Norconex / crawlers

Norconex Crawlers (or spiders) are flexible web and filesystem crawlers for collecting, parsing, and manipulating data from the web or filesystem to various data repositories such as search engines.
https://opensource.norconex.com/crawlers
Apache License 2.0
183 stars 67 forks source link

Indexing value of a new metatag #791

Closed sudeshna-majumder closed 2 years ago

sudeshna-majumder commented 2 years ago

Hello,

I have added few new metatags to my page. Ex.
<meta name="content-region" content="Global" />

I want to extract the value of 'content-region' field and index as 'region'. I am committing to Google Cloud search. If I use below pre-purse Handler I am expecting it would store the value 'Global' in 'region' field. But DebugTagger says it stores <null> every time.

<tagger class="com.norconex.importer.handler.tagger.impl.CopyTagger"> <copy fromField="content-region" toField="region" overwrite="true" ></tagger>

Am I missing anything basic here ?

essiembre commented 2 years ago

I suspect it is related to having it defined as part of the pre-parse handlers. Fields extracted from a file content are created when the document is parsed. So before parsing you would not have the meta field. Try moving your logic as a post-parse handler.
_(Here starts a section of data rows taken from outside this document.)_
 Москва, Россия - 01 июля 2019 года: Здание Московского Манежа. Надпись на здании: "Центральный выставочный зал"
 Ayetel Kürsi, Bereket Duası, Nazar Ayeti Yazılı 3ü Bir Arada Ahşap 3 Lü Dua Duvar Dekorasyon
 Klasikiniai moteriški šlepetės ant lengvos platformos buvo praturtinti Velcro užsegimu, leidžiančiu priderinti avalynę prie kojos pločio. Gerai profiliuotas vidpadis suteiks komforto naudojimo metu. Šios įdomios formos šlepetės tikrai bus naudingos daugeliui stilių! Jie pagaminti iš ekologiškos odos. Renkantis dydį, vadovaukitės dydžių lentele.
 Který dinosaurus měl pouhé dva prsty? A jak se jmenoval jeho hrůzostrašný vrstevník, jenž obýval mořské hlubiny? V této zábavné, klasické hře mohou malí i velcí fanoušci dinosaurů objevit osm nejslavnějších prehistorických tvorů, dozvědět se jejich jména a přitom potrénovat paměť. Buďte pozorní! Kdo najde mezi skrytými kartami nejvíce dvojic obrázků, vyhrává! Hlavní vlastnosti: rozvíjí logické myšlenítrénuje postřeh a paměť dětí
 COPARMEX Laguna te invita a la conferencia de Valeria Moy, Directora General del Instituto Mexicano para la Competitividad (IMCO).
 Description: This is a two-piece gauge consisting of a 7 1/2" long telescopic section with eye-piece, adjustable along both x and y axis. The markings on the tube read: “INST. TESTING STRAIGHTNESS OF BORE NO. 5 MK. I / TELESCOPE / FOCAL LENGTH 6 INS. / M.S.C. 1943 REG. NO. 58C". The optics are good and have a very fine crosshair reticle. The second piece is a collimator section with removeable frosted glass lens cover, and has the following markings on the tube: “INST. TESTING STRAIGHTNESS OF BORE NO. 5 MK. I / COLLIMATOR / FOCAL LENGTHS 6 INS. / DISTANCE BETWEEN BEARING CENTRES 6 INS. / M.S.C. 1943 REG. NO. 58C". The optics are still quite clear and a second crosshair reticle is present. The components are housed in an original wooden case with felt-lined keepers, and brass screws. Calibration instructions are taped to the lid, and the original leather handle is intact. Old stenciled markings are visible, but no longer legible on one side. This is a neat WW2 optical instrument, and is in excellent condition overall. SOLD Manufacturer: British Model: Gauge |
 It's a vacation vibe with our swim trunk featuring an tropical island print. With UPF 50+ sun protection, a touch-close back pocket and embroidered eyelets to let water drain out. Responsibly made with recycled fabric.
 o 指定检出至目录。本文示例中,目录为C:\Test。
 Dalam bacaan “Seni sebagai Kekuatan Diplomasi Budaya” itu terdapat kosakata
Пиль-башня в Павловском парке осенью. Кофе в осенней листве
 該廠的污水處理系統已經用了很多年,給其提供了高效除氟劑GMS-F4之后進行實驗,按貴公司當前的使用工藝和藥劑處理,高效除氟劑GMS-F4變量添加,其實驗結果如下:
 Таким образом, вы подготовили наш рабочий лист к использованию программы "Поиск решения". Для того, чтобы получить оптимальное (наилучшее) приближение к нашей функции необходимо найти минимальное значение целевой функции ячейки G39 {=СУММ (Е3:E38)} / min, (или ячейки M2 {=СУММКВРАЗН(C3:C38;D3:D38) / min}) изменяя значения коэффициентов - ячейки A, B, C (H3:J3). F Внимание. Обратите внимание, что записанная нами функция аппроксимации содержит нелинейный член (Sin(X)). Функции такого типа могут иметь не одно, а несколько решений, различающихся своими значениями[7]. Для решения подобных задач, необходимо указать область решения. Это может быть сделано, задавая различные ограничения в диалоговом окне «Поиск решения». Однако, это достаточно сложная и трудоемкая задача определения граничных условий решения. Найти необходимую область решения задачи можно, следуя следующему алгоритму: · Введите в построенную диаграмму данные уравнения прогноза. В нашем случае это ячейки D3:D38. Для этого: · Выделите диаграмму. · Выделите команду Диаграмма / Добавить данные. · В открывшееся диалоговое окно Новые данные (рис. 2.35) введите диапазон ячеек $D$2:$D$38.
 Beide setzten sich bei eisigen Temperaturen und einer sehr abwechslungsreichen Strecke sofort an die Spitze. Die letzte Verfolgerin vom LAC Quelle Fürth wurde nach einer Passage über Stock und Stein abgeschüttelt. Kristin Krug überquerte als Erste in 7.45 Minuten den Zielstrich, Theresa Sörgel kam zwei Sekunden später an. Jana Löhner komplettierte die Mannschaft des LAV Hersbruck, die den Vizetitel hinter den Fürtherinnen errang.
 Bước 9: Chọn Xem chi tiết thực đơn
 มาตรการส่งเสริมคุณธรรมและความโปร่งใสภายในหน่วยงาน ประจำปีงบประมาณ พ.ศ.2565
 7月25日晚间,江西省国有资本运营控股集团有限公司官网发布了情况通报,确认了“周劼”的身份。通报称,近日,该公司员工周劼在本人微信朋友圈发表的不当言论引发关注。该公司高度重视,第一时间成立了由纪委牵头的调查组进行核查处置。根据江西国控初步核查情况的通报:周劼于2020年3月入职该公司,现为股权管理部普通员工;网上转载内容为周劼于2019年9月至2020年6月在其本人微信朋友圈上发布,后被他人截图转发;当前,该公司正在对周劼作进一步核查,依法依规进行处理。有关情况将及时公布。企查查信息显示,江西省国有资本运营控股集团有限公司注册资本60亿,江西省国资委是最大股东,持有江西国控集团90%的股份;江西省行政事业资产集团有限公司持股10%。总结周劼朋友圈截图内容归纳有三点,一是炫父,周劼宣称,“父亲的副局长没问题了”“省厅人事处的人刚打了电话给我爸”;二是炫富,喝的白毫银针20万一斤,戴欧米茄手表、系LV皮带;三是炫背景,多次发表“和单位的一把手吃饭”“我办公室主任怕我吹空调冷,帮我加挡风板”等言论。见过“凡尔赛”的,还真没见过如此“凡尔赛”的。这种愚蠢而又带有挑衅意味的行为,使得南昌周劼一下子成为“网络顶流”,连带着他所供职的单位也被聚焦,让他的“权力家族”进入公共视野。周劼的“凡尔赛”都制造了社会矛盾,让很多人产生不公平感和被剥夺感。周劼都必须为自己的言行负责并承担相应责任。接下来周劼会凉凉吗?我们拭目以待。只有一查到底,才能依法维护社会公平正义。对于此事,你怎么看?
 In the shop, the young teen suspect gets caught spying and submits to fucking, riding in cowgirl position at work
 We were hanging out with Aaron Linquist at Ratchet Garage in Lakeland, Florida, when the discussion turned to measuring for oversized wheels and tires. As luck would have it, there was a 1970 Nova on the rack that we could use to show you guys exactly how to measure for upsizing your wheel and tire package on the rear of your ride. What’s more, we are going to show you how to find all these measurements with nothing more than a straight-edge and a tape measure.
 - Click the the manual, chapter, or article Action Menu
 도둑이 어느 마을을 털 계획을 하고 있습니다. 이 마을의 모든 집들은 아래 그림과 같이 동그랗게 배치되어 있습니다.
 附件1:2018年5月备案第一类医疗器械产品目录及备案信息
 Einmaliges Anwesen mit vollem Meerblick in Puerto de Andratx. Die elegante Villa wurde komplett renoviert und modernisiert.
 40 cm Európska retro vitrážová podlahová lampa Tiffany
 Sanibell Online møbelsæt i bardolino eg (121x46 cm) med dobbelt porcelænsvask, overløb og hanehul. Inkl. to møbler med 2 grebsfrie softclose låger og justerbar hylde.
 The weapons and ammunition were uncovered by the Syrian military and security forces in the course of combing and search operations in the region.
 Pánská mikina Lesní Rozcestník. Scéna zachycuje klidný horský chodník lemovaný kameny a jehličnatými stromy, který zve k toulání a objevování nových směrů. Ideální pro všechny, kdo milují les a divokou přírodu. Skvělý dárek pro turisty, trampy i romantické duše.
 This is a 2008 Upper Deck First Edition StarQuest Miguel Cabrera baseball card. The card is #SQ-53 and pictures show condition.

If that does not work for you, please share the version you are using and your full config in order for us to reproduce it.

stale[bot] commented 2 years ago

This issue has been automatically marked as stale because it has not had recent activity. It will be closed if no further activity occurs. Thank you for your contributions.

sudeshna-majumder commented 2 years ago

Thanks Pascal. Moving the logic to post-parse handler, I am able to extract values from new metatags. But those are not being committed to my goggle-cloud-search committer. In the below support document I don't see any configuration possibility with norconex to commit additional metatags to cloud-search-committer. https://developers.google.com/cloud-search/docs/guides/norconex-http-connector#configure-gcs Do you know about any possible way to commit them to google-cloud-search ?

stale[bot] commented 2 years ago

This issue has been automatically marked as stale because it has not had recent activity. It will be closed if no further activity occurs. Thank you for your contributions.